=== Extracted entries ===

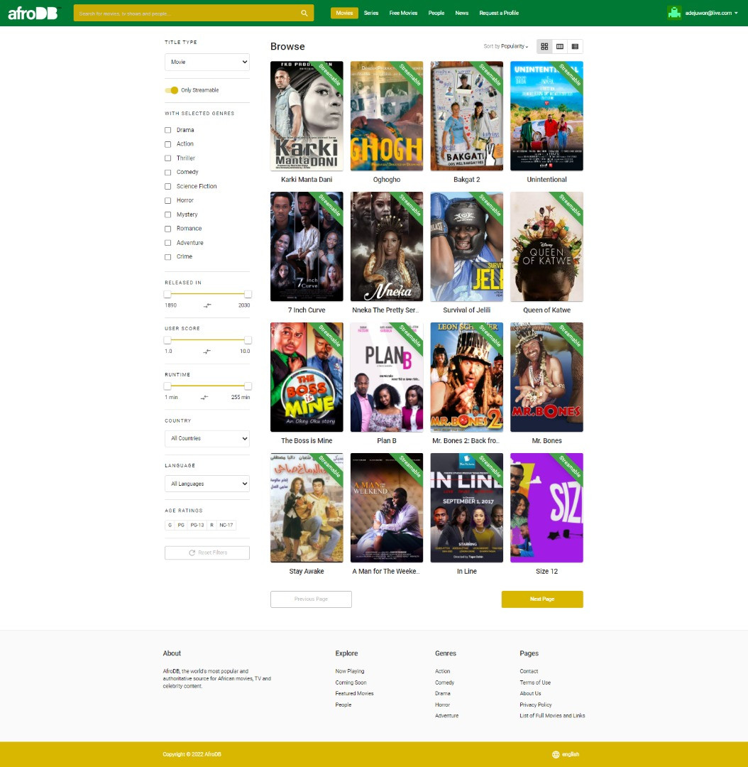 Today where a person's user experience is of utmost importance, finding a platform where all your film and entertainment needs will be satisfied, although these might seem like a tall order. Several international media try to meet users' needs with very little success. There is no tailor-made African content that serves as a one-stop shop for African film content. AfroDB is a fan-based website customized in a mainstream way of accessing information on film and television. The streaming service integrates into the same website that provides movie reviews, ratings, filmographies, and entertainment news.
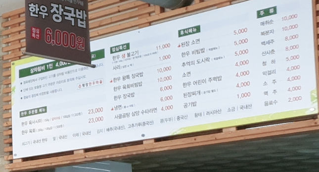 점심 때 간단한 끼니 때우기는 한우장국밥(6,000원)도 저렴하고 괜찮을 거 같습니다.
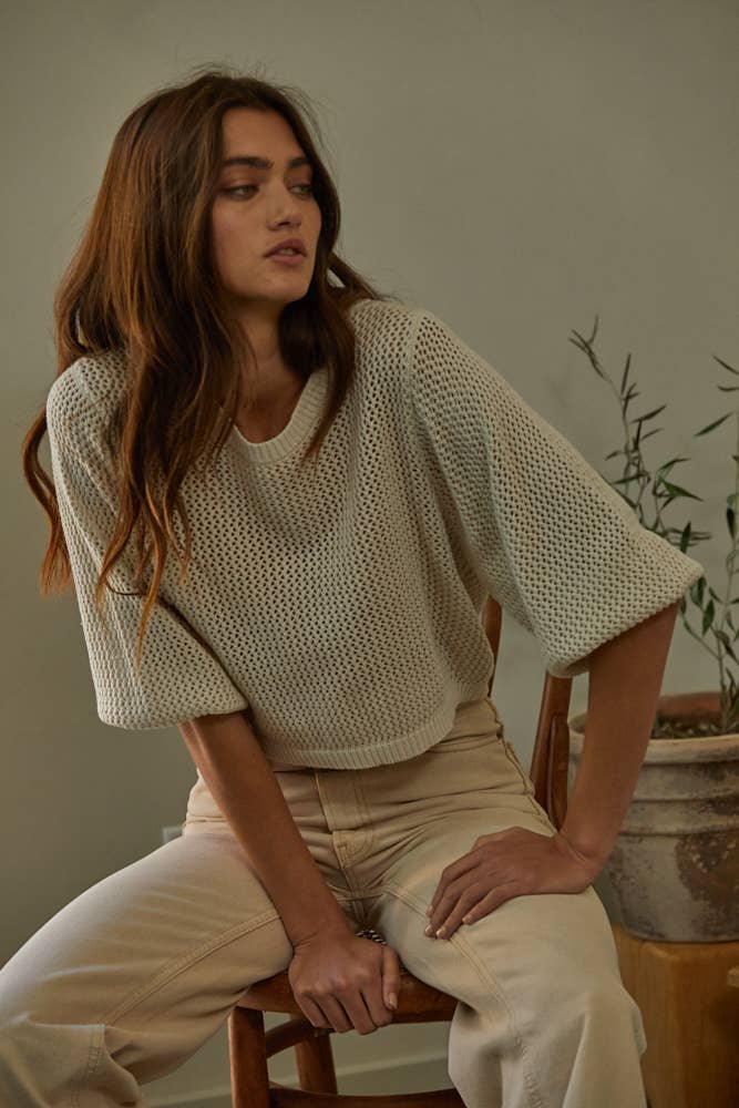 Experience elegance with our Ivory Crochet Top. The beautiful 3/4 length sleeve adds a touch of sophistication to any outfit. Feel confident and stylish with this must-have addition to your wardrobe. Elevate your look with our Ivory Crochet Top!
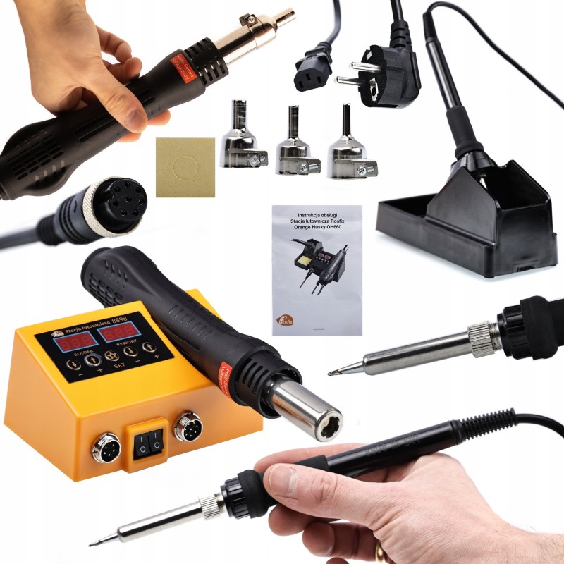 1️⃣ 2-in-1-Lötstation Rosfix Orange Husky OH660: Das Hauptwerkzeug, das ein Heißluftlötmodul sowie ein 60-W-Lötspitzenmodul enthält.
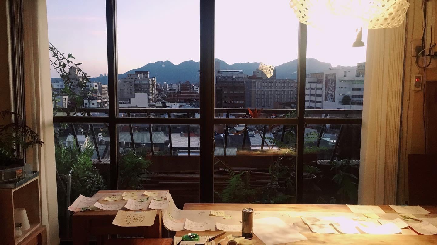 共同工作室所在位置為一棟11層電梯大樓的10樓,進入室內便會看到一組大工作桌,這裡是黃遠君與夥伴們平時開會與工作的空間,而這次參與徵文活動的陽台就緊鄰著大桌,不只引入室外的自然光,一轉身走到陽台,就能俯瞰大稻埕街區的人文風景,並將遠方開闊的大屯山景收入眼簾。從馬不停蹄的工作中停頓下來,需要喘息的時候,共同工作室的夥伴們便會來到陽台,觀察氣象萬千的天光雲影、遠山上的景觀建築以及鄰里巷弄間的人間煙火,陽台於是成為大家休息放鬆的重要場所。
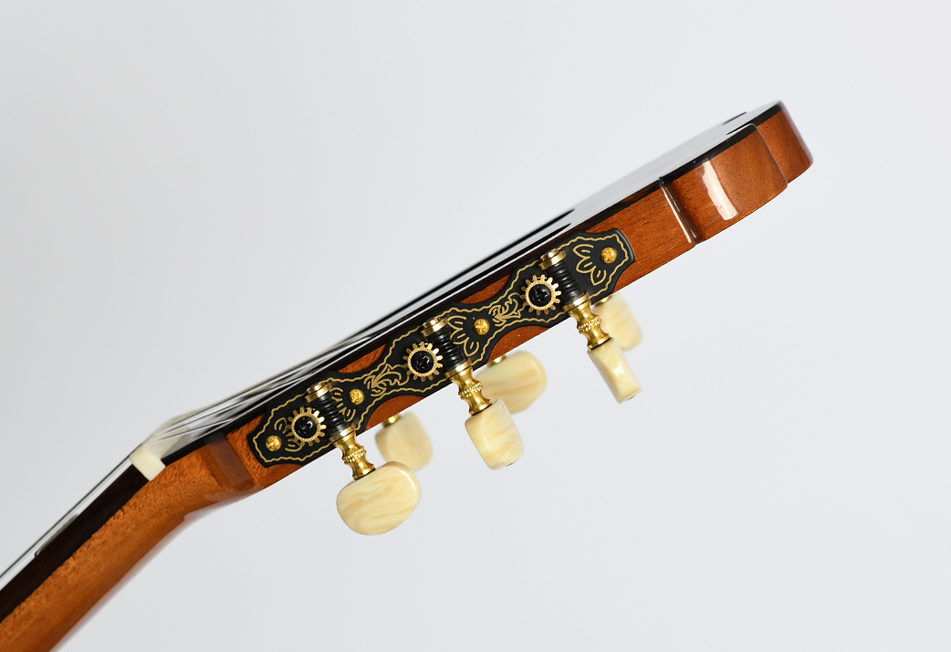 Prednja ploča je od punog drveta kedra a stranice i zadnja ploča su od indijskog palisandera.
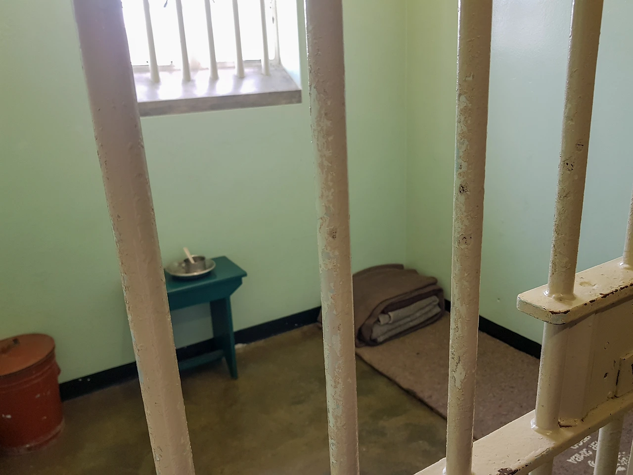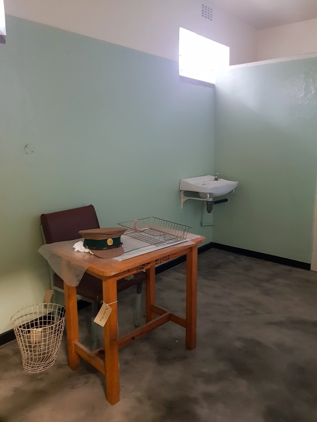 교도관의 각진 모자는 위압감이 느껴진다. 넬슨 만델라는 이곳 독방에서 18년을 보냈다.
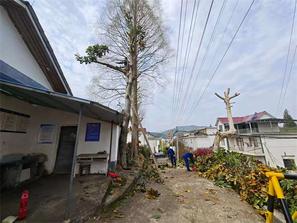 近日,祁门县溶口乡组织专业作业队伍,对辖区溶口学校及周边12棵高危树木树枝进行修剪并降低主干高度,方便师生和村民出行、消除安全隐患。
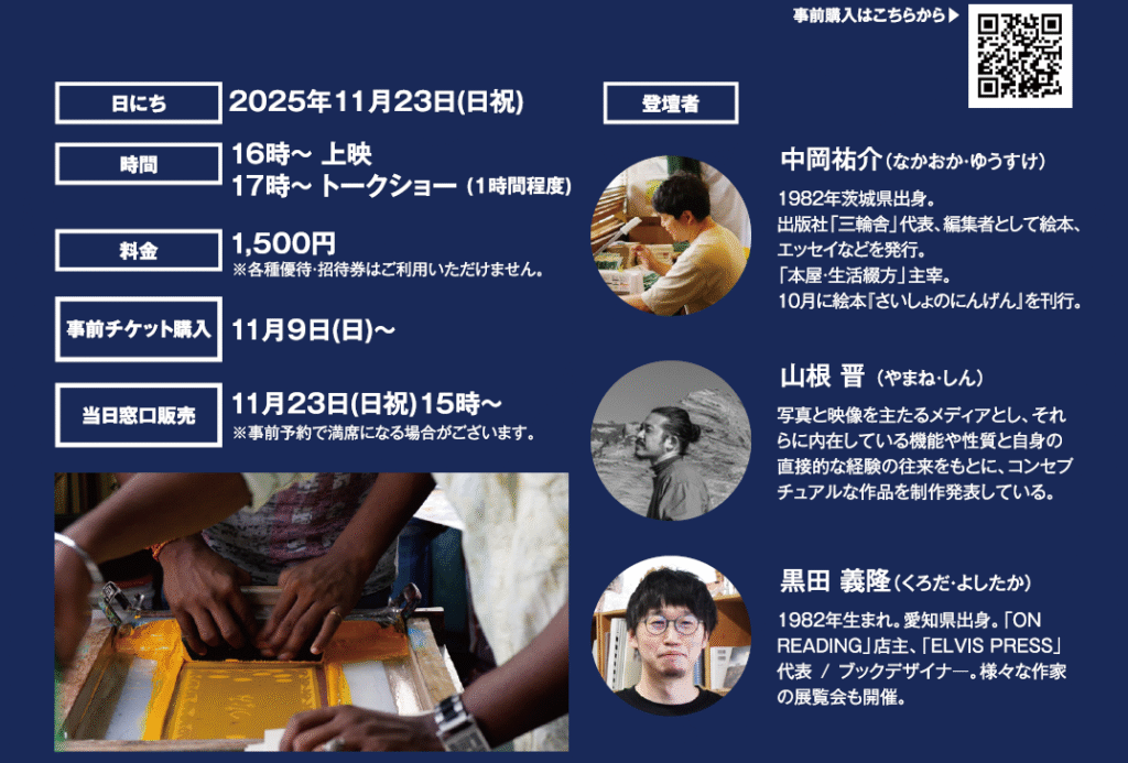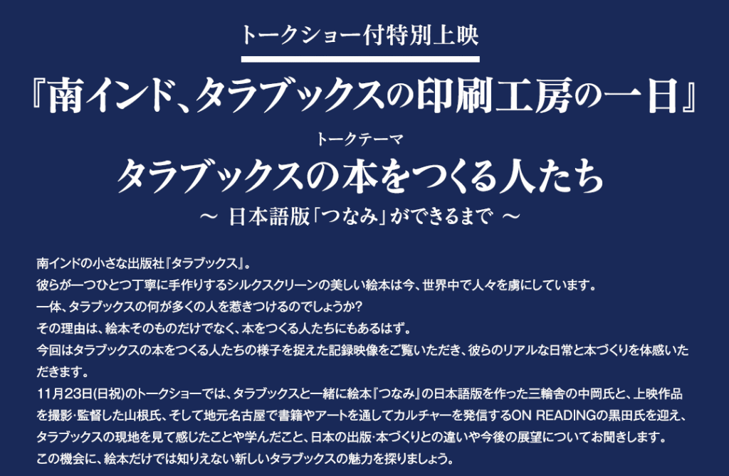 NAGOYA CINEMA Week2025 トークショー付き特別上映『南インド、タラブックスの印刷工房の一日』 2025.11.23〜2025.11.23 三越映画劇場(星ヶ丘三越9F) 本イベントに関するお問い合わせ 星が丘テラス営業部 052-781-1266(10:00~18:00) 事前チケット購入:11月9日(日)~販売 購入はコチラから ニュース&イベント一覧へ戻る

===

__Directions__.
Transcribe, without alteration, each line from the one with "Experience elegance with" through the last line of the data; no pictures belong in the copy.

__Problem solution__.
 Experience elegance with our Ivory Crochet Top. The beautiful 3/4 length sleeve adds a touch of sophistication to any outfit. Feel confident and stylish with this must-have addition to your wardrobe. Elevate your look with our Ivory Crochet Top!
 1️⃣ 2-in-1-Lötstation Rosfix Orange Husky OH660: Das Hauptwerkzeug, das ein Heißluftlötmodul sowie ein 60-W-Lötspitzenmodul enthält.
 共同工作室所在位置為一棟11層電梯大樓的10樓,進入室內便會看到一組大工作桌,這裡是黃遠君與夥伴們平時開會與工作的空間,而這次參與徵文活動的陽台就緊鄰著大桌,不只引入室外的自然光,一轉身走到陽台,就能俯瞰大稻埕街區的人文風景,並將遠方開闊的大屯山景收入眼簾。從馬不停蹄的工作中停頓下來,需要喘息的時候,共同工作室的夥伴們便會來到陽台,觀察氣象萬千的天光雲影、遠山上的景觀建築以及鄰里巷弄間的人間煙火,陽台於是成為大家休息放鬆的重要場所。
 Prednja ploča je od punog drveta kedra a stranice i zadnja ploča su od indijskog palisandera.
 교도관의 각진 모자는 위압감이 느껴진다. 넬슨 만델라는 이곳 독방에서 18년을 보냈다.
 近日,祁门县溶口乡组织专业作业队伍,对辖区溶口学校及周边12棵高危树木树枝进行修剪并降低主干高度,方便师生和村民出行、消除安全隐患。
 NAGOYA CINEMA Week2025 トークショー付き特別上映『南インド、タラブックスの印刷工房の一日』 2025.11.23〜2025.11.23 三越映画劇場(星ヶ丘三越9F) 本イベントに関するお問い合わせ 星が丘テラス営業部 052-781-1266(10:00~18:00) 事前チケット購入:11月9日(日)~販売 購入はコチラから ニュース&イベント一覧へ戻る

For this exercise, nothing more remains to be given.